Я частенько думала о Берил Тимс — женщине того типа, который я в конечном счете поименовала Английской Розой. Не то чтобы эти женщины походили на английскую розу, какое там! Но в своих собственных глазах, как я понимала, они ею были. Данный тип вызывал у меня омерзение и одновременно острый интерес — таковы уж были аппетиты моего воображения и жажда все познать до конца. Ее жеманное кудахтанье, когда мы бывали вдвоем, ее жадность собственницы до такой степени пробудили мою творческую бдительность, что я сама начала подчирикивать, чтобы ее раздразнить, и даже, боюсь, ублажала собственную жадность до ее реакций тем, что их провоцировала. Она пришла в восторг от брошки, которая была на мне, — моей лучшей броши, овальной рисованной миниатюры на слоновой кости в оправе из легированной меди. Она изображала девичью головку с распущенными по-сельски волосами. Как тогда было принято, я носила ансамбль — брошь, пальто и юбка в одних тонах, — и Берил Тимс пришла в восторг, увидев брошь у меня на лацкане. Я ненавидела Берил Тимс, сидя с нею на кухне за утренней чашкой кофе и выслушивая ее кудахтанье по поводу моей очаровательной брошки. Я ненавидела ее так люто, что отцепила брошь и отдала ей — во искупление моей ненависти. Но я получила в награду блеск ее глаз и открытый от изумления большой толстогубый рот.

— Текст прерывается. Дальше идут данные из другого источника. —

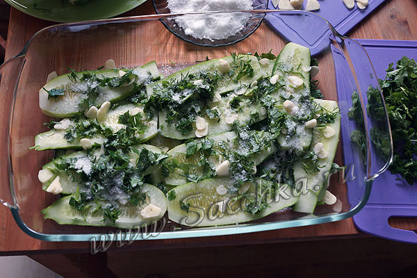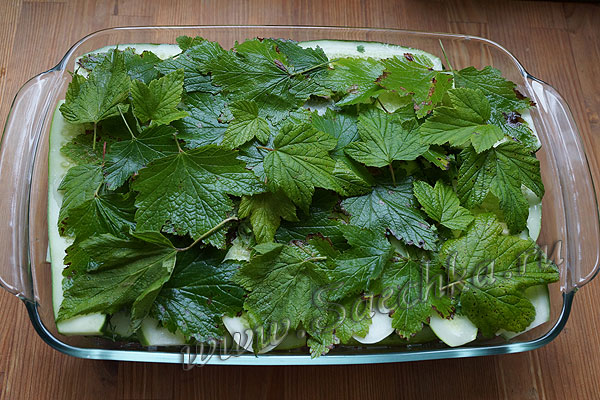 - Пока вода остывает до комнатной температуры, огурцы сложить в стеклянную или керамическую ёмкость, пересыпая каждый слой солью, мелко нарезанной зеленью и чесноком. Сверху положить листья смородины.

— Вы серьезно? — воскликнула она.
— Ну конечно.
— Она вам не нравится?
— Напротив, нравится.
— Тогда зачем вы ее отдаете? — спросила она с ядовитой подозрительностью человека, которого жизнь, возможно, никогда не баловала. Она приколола брошку на платье. Может, мистер Тимс совсем ее замордовал, подумала я и сказала:
— Берите и носите себе на здоровье, — совершенно искренне. Затем пошла к раковине ополоснуть чашку. Берил Тимс последовала моему примеру.
— У меня на ободке остаются следы от помады, — сообщила она. — Мужчины не любят, когда на чашке или стакане остается помада, правда? Но любят напомаженных. Моей помадой всегда восхищаются — у нее чудесный оттенок. Называется «Английская Роза».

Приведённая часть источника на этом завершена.